> **Task details**
Nothing but the lines from the one holding "74049150 alte Postkarte" to the final line of the listing below, both included, should be repeated, and each must match exactly. Omit pictures.

> **Supplied material**
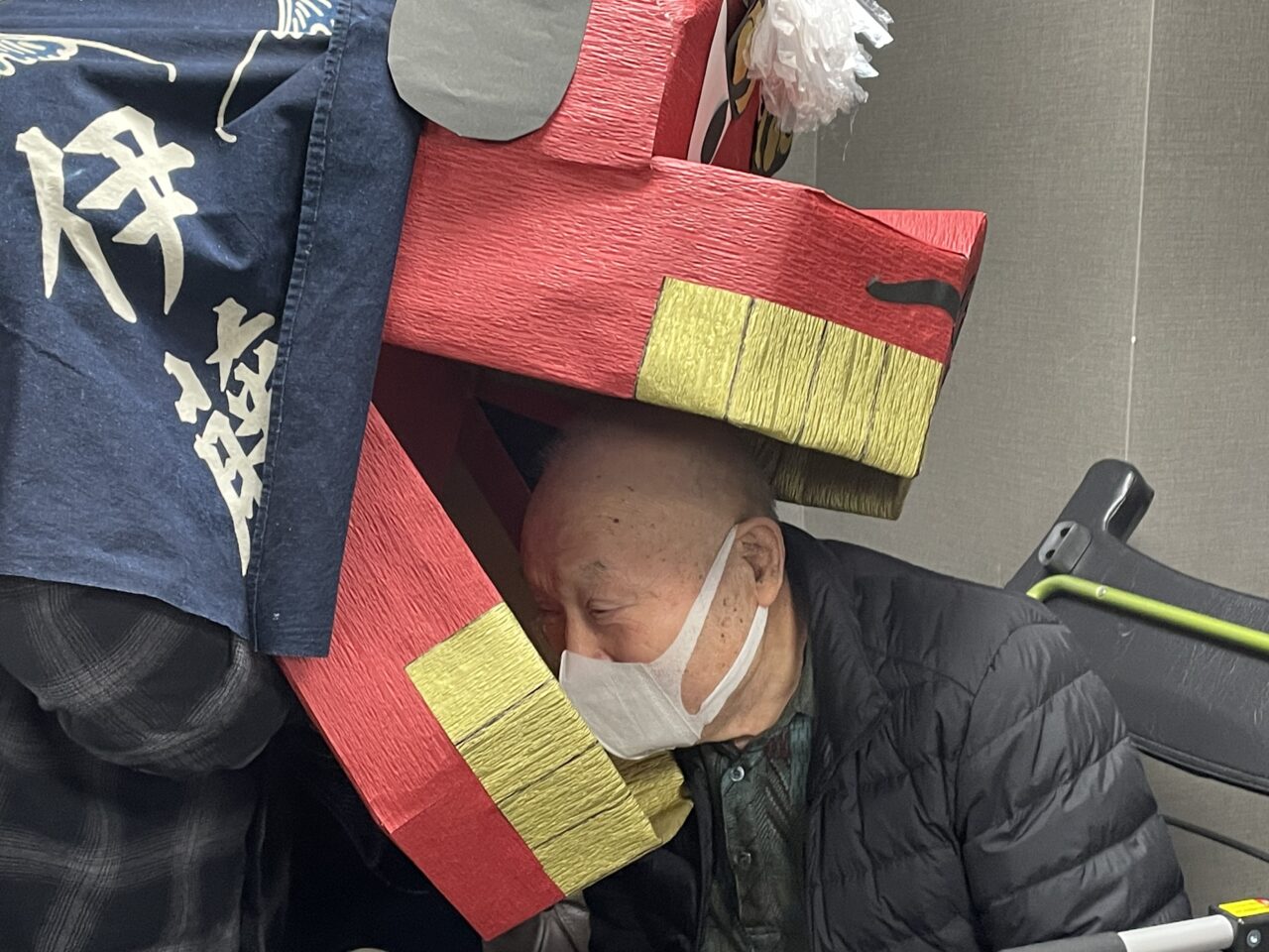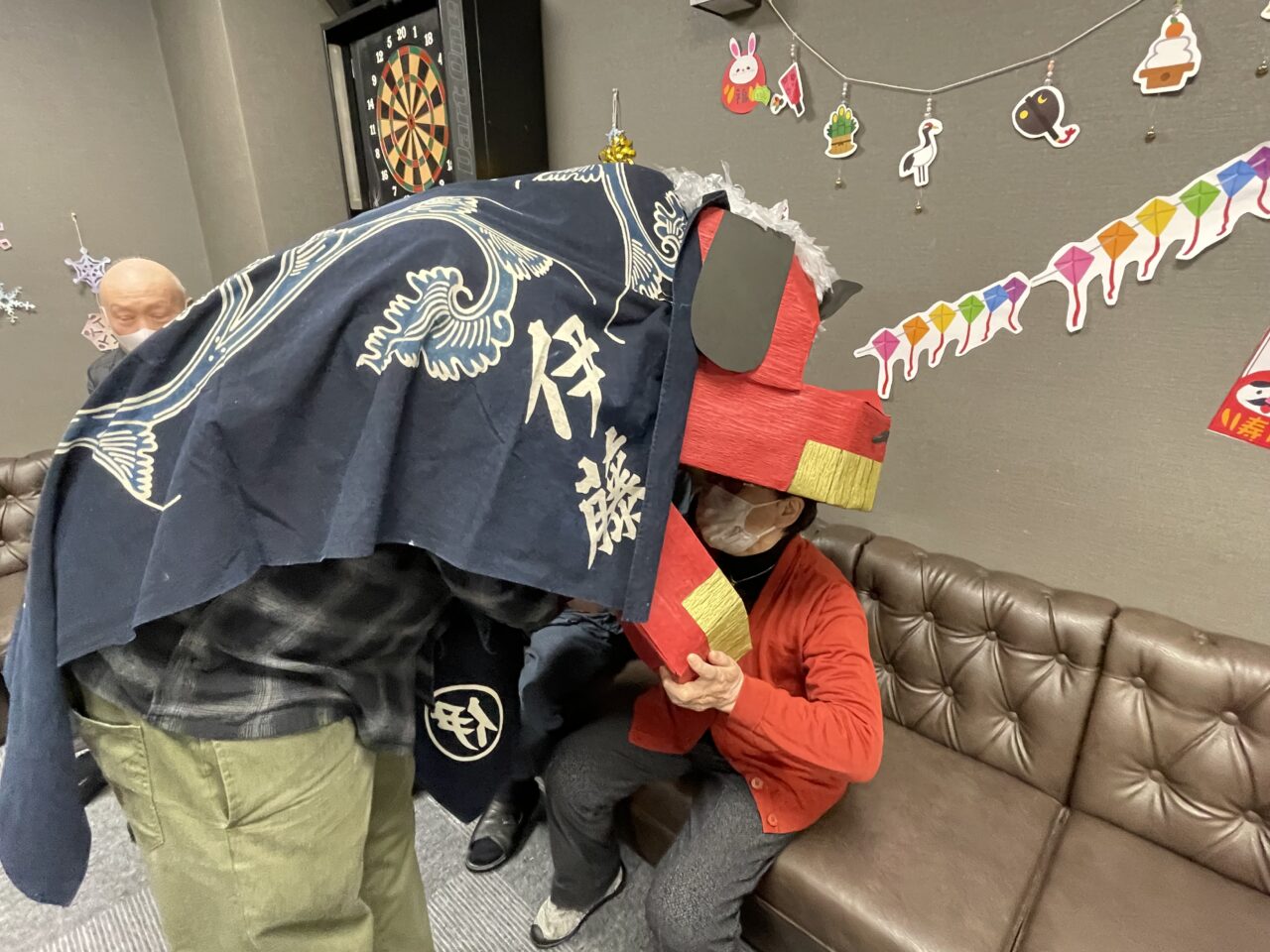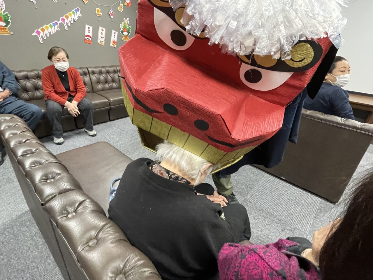 お腹も一杯になったところで午後からは毎年恒例の『獅子舞』の登場です?✨獅子舞に頭を噛んで貰うととっても縁起がいいんだそうです☺️早速噛んで貰おうとご利用者さんに集まって頂き御利益を賜りました☺️
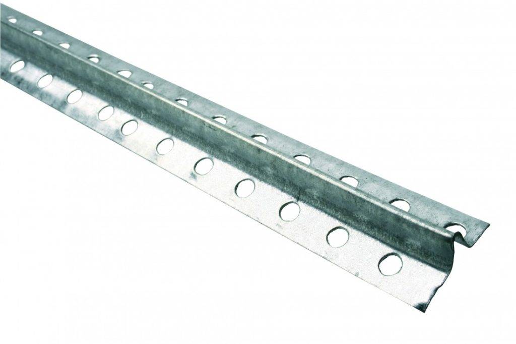 Угловой профиль защищает гипсокартонные углы от повреждений при эксплуатации. Крепится он на слой шпаклевки, поэтому имеет перфорацию, через которую выдавливается лишний раствор. Длина таких элементов – 3 метра, по ширине выпускаются уголки со сторонами 25 или 31 мм.
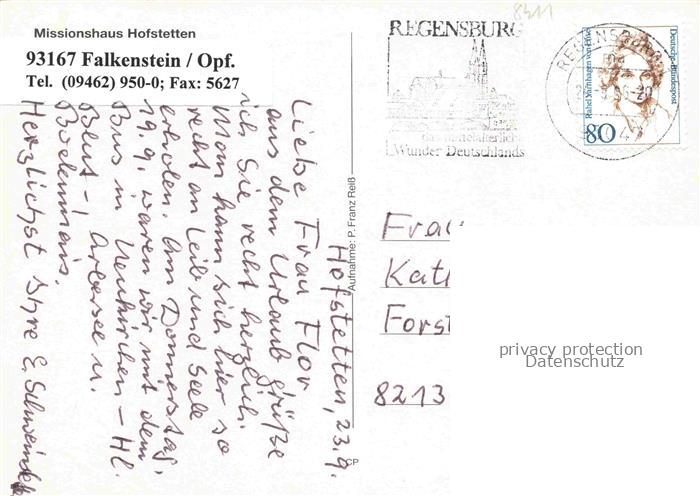 74049150 alte Postkarte Falkenstein Oberpfalz Missionshaus Hofstetten Gerstenfeld postalisch gelaufen Erhaltung siehe scans [FriedD77] KatCode: 11110009372125
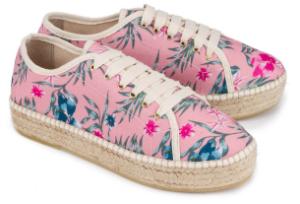 Besonders gelungen wirkt das Gesamtbild zusammen mit monochromem Schwarz oder Weiß. Aber auch wer zu den typischen Sommerkleidchen noch die passenden Schuhe sucht, um nicht all zu brav auszusehen, findet mit einem Paar floraler Espadrilles-Sneaker den richtigen Ton.

> **Answer for the task**
 74049150 alte Postkarte Falkenstein Oberpfalz Missionshaus Hofstetten Gerstenfeld postalisch gelaufen Erhaltung siehe scans [FriedD77] KatCode: 11110009372125
 Besonders gelungen wirkt das Gesamtbild zusammen mit monochromem Schwarz oder Weiß. Aber auch wer zu den typischen Sommerkleidchen noch die passenden Schuhe sucht, um nicht all zu brav auszusehen, findet mit einem Paar floraler Espadrilles-Sneaker den richtigen Ton.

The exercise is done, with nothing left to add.